[proof-new] Fixing resolution proof checker (#5262)

Previously the binary resolution checker was:

- Checking applications in which for a pivot (not l) the literal (not l) would be eliminated from the first clause and l from the second because double negation was handled implicitly. Now whether the binary resolution is such that the pivot is removed as is from the first clause and negated from the second, or the other way around, is marked via an argument.
- Not producing false the remaining set of literals after resolution was empty.

This commit also updates the informal description of the rule accordingly, as well as to clarify the behavior when the pivot does not occur properly in the clauses (in which case the rule application corresponds to weakening).

Co-authored-by: Gereon Kremer <gereon.kremer@cs.rwth-aachen.de>

3 files changed, 59 insertions, 14 deletions

diff --git a/src/expr/proof_rule.h b/src/expr/proof_rule.h
index 9c955d067..e24d5c522 100644
--- a/src/expr/proof_rule.h
+++ b/src/expr/proof_rule.h
@@ -246,14 +246,28 @@ enum class PfRule : uint32_t
   //================================================= Boolean rules
   // ======== Resolution
   // Children:
-  //  (P1:(or F_1 ... F_i-1 F_i F_i+1 ... F_n),
-  //   P2:(or G_1 ... G_j-1 G_j G_j+1 ... G_m))
-  //
-  // Arguments: (F_i)
+  //  (P1:C1, P2:C2)
+  // Arguments: (id, L)
   // ---------------------
-  // Conclusion: (or F_1 ... F_i-1 F_i+1 ... F_n G_1 ... G_j-1 G_j+1 ... G_m)
+  // Conclusion: C
   // where
-  //   G_j = (not F_i)
+  //   - C1 and C2 are nodes viewed as clauses, i.e., either an OR node with
+  //     each children viewed as a literal or a node viewed as a literal. Note
+  //     that an OR node could also be a literal.
+  //   - id is either true or false
+  //   - L is the pivot of the resolution, which occurs as is (resp. under a
+  //     NOT) in C1 and negatively (as is) in C2 if id = true (id = false).
+  //   C is a clause resulting from collecting all the literals in C1, minus the
+  //   first occurrence of the pivot or its negation, and C2, minus the first
+  //   occurrence of the pivot or its negation, according to the policy above.
+  //   If the resulting clause has a single literal, that literal itself is the
+  //   result; if it has no literals, then the result is false; otherwise it's
+  //   an OR node of the resulting literals.
+  //
+  //   Note that it may be the case that the pivot does not occur in the
+  //   clauses.
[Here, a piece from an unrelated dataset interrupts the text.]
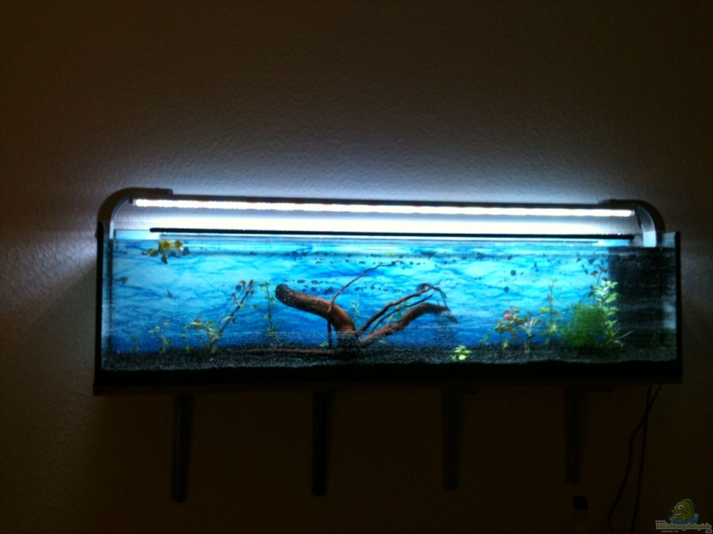 Wandaquarium: steht auf einer Multiplexplatte. Wurde mit Schwerlastkonsolen und Schwerlastdübel und -schrauben gesichert

In this case the rule is not unsound, but it does not correspond
+  //   to resolution but rather to a weakening of the clause that did not have a
+  //   literal eliminated.
   RESOLUTION,
   // ======== Chain Resolution
   // Children: (P1:(or F_{1,1} ... F_{1,n1}), ..., Pm:(or F_{m,1} ... F_{m,nm}))
diff --git a/src/prop/proof_cnf_stream.cpp b/src/prop/proof_cnf_stream.cpp
index c7dd288af..b2d33a61d 100644
--- a/src/prop/proof_cnf_stream.cpp
+++ b/src/prop/proof_cnf_stream.cpp
@@ -548,7 +548,7 @@ void ProofCnfStream::convertPropagation(theory::TrustNode trn)
     d_proof.addStep(clauseExp,
                     PfRule::RESOLUTION,
                     {clauseAndNeg, clauseImpliesElim},
-                    {proven[0]});
+                    {nm->mkConst(true), proven[0]});
   }
   else
   {
diff --git a/src/theory/booleans/proof_checker.cpp b/src/theory/booleans/proof_checker.cpp
index 2f06995e3..3eb523ab5 100644
--- a/src/theory/booleans/proof_checker.cpp
+++ b/src/theory/booleans/proof_checker.cpp
@@ -80,21 +80,52 @@ Node BoolProofRuleChecker::checkInternal(PfRule id,
   if (id == PfRule::RESOLUTION)
   {
     Assert(children.size() == 2);
-    Assert(args.size() == 1);
+    Assert(args.size() == 2);
+    NodeManager* nm = NodeManager::currentNM();
     std::vector<Node> disjuncts;
+    Node pivots[2];
+    if (args[0] == nm->mkConst(true))
+    {
+      pivots[0] = args[1];
+      pivots[1] = args[1].notNode();
+    }
+    else
+    {
+      Assert(args[0] == nm->mkConst(false));
+      pivots[0] = args[1].notNode();
+      pivots[1] = args[1];
+    }
     for (unsigned i = 0; i < 2; ++i)
     {
-      // if first clause, eliminate pivot, otherwise its negation
-      Node elim = i == 0 ? args[0] : args[0].notNode();
-      for (unsigned j = 0, size = children[i].getNumChildren(); j < size; ++j)
+      // determine whether the clause is unit for effects of resolution, which
+      // is the case if it's not an OR node or it is an OR node but it is equal
+      // to the pivot
+      std::vector<Node> lits;
+      if (children[i].getKind() == kind::OR && pivots[i] != children[i])
       {
-        if (elim != children[i][j])
+        lits.insert(lits.end(), children[i].begin(), children[i].end());
+      }
+      else
+      {
+        lits.push_back(children[i]);
+      }
+      for (unsigned j = 0, size = lits.size(); j < size; ++j)
+      {
+        if (pivots[i] != lits[j])
         {
-          disjuncts.push_back(children[i][j]);
+          disjuncts.push_back(lits[j]);
+        }
+        else
+        {
+          // just eliminate first occurrence
+          pivots[i] = Node::null();
         }
       }
     }
-    return NodeManager::currentNM()->mkNode(kind::OR, disjuncts);
+    return disjuncts.empty()
+               ? nm->mkConst(false)
+               : disjuncts.size() == 1 ? disjuncts[0]
+                                       : nm->mkNode(kind::OR, disjuncts);
   }
   if (id == PfRule::FACTORING)
   {